С родительских собраний мама приходила со скучающим выражением на лице, говорила, что все нормально и что меня не ругали. Хотя я точно знала, что была в классе лучшей ученицей.
Постепенно я потеряла всякую надежду получить от мамы хоть какое-то подтверждение своего существования и переключилась на внешний мир.
Я старалась успевать везде: занималась плаванием, ходила в разные студии, вышивала, шила и вязала, рисовала, пела под гитару… Мама меня игнорировала.
Как-то само собой в моей голове возникло твердое убеждение, что недостаток родительской любви можно восполнить любовью от мальчиков. Вернее, это сейчас я понимаю, что именно от недостатка родительской любви у меня что-то в голове повернулось.
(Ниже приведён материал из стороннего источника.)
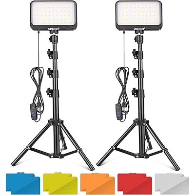 UBeesize LED撮影用ライト 2packsセット 8インチビデオライト 俯瞰撮影 三脚 カラーフィルター5色付き ledライト YouTube/Tik Tok/X/ins/生放送/ゲーム実況/照明/ビデオ撮影に対応 (35ー145CM) 適格請求書発行可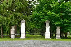 Forest Park Cemetery was first incorporated in 1897 by a group of wealthy Troy businessmen under the Forest Park Cemetery Corporation,[2] though based on older gravestones, the cemetery had apparently been in use since at least 1856.[1] The original area chosen for the cemetery occupied over 200 acres (81 ha) of farmland in what was then rural Brunswick. Meant to outgrow and even outclass Troy's Oakwood Cemetery, it was originally designed by Garnet Baltimore,[2][3] the first African-American graduate of Rensselaer Polytechnic Institute.[3] Baltimore planned on the cemetery to offer visitors a park-like experience, complete with statuary, winding trails, and a large receiving tomb near the entrance.[2]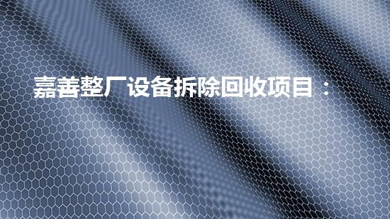 嘉善整厂设备拆除回收项目:再利用产业资源,助力环保开创新篇章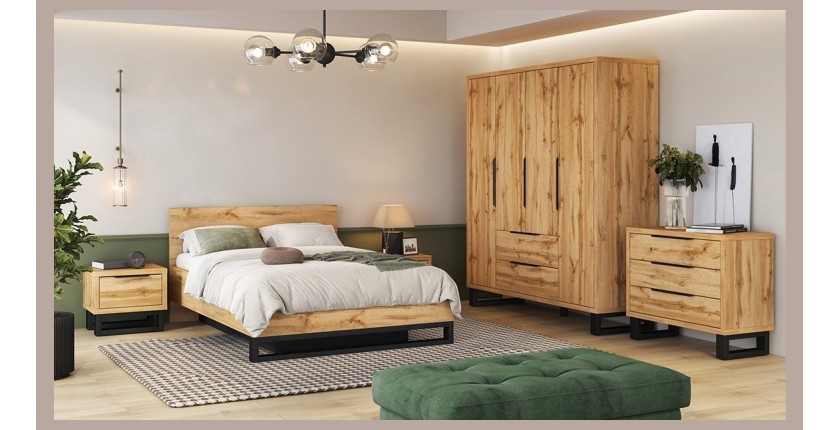 - CARACTÉRISTIQUES : Chevets composé d'un grand tiroir. Lit coffre 140x200 avec sommier inclus, Armoire avec 4 portes battantes et 2 tiroirs. Commode avec 3 grands tiroirs.

Тогда же, как томимый жаждой путник, я открыла для себя новую область человеческих отношений – любовь. Я думала про эту таинственную область почти постоянно. Гимном отношений между мальчиками и девочками стал мультфильм «Бременские музыканты» с прекрасной музыкой. Я плакала, когда Магомаев обращался к своей принцессе и убеждал ее, что солнце взойдет.
Я была уверена, что и меня кто-то полюбит точно так же, как эту мультяшную принцессу. Каждый раз, когда какой-нибудь мальчик обращал на меня внимание, я вздрагивала от волнения, а в голове начинала звучать волшебная песня про «солнце взойдет».
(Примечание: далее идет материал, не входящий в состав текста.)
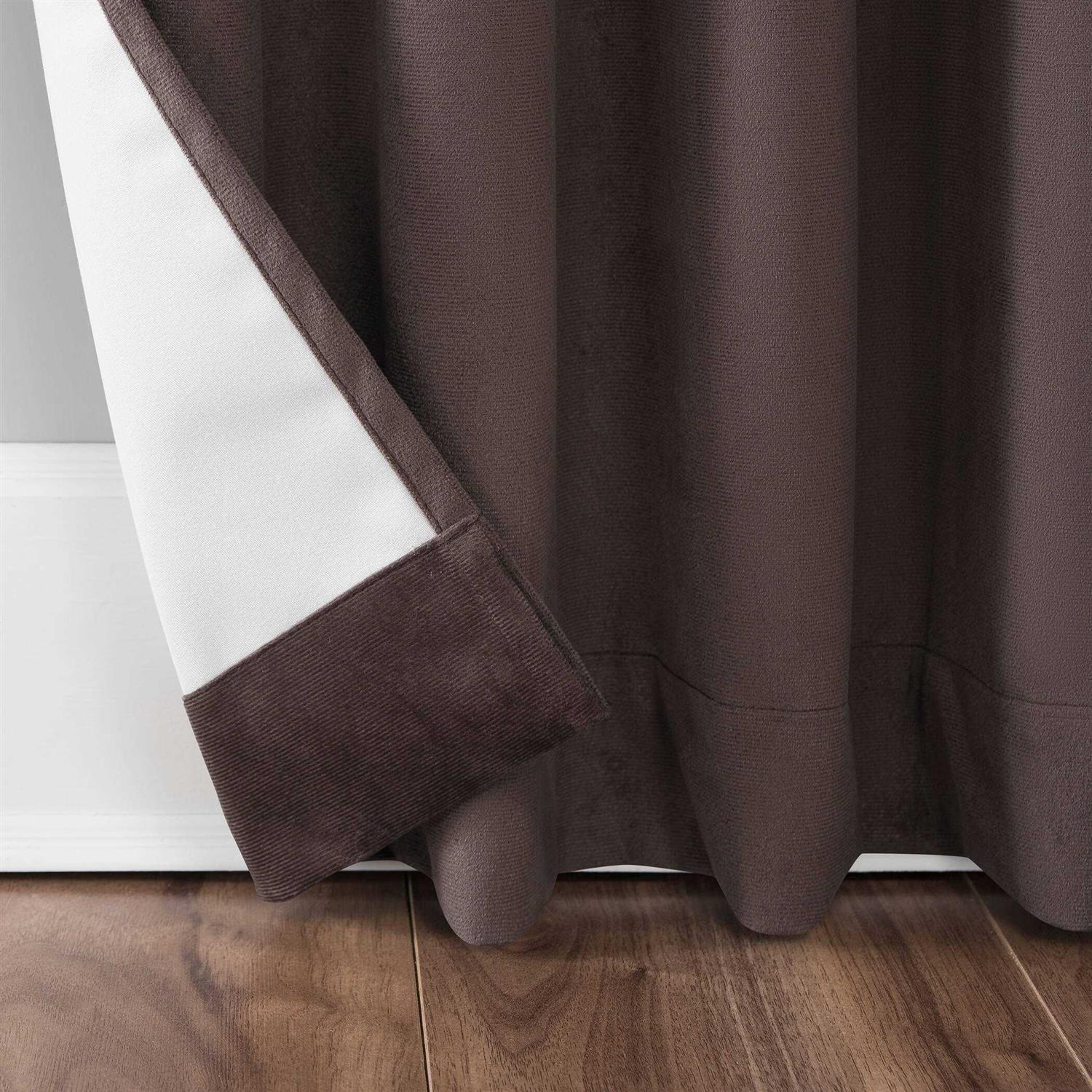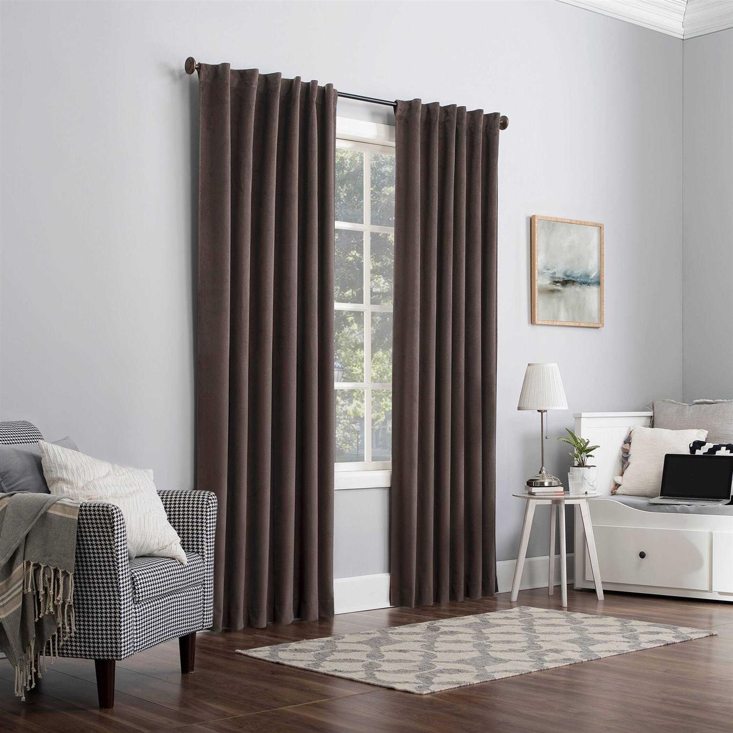 Featuring a decadent velvet fabric, Sun Zero Hampshire Velvet Thermal Extreme 100% Blackout Back Tab Curtain Panels add luxe appeal to any room of your home. Equipped with hidden back tabs for easy hanging on standard curtain rods up to 1. 5 inch in diameter. Sun Zero Extreme Blackout Thermal Lining is laboratory tested to block out 100% of light, reduce outside noise by up to 40%, and decrease energy lost through your windows by up to 40%. Comfort is optimized with thermal properties that help keep summer heat and winter chill out of your home. Hang in your entertainment room to eliminate screen glare and reduce distracting outside noise, or in your bedroom for enhanced privacy and a sounder, more uninterrupted sleep. Sold as individual panels measuring 50 inch width by 96 inch length. Measure carefully before selecting your desired size and quantity. Rod not included. Machine wash cold on gentle cycle. Use non-chlorine bleach when needed. Tumble dry on low heat, using a cool iron as needed.

Но мальчики были грубыми и глупыми. Они дергали меня за косички, смеялись своим непонятным шуткам, дрались на переменах, и от них противно пахло куревом и несвежим бельем. Ни один не хотел быть принцем.
Когда я вспоминаю себя в подростковом периоде, у меня всегда возникает чувство отделенности от всех остальных.
Книги, которые я читала, фильмы, которые мне нравились, музыка, которую я слушала, – все это было так далеко от моего окружения! Мама никогда не говорила со мной о чем-то, кроме посуды и уборки, подружка меня покинула, мальчик-принц не завелся, и я чувствовала себя если и не белой вороной, то, по крайней мере, какой-то посторонней птицей на этом празднике жизни.
Мне хотелось говорить о чем-то важном, интересном, жизнь была полна загадок, тайн, все дышало чем-то сокровенным… А поговорить было не с кем.
Я привыкла к тому, что с людьми мне было странно, неуютно, что к людям надо приспособиться, что люди заняты чем-то обычным, бытом, наверное.
Таким образом, я вышла в большую жизнь. Без руля и без ветрил. С отличным аттестатом. Без цели.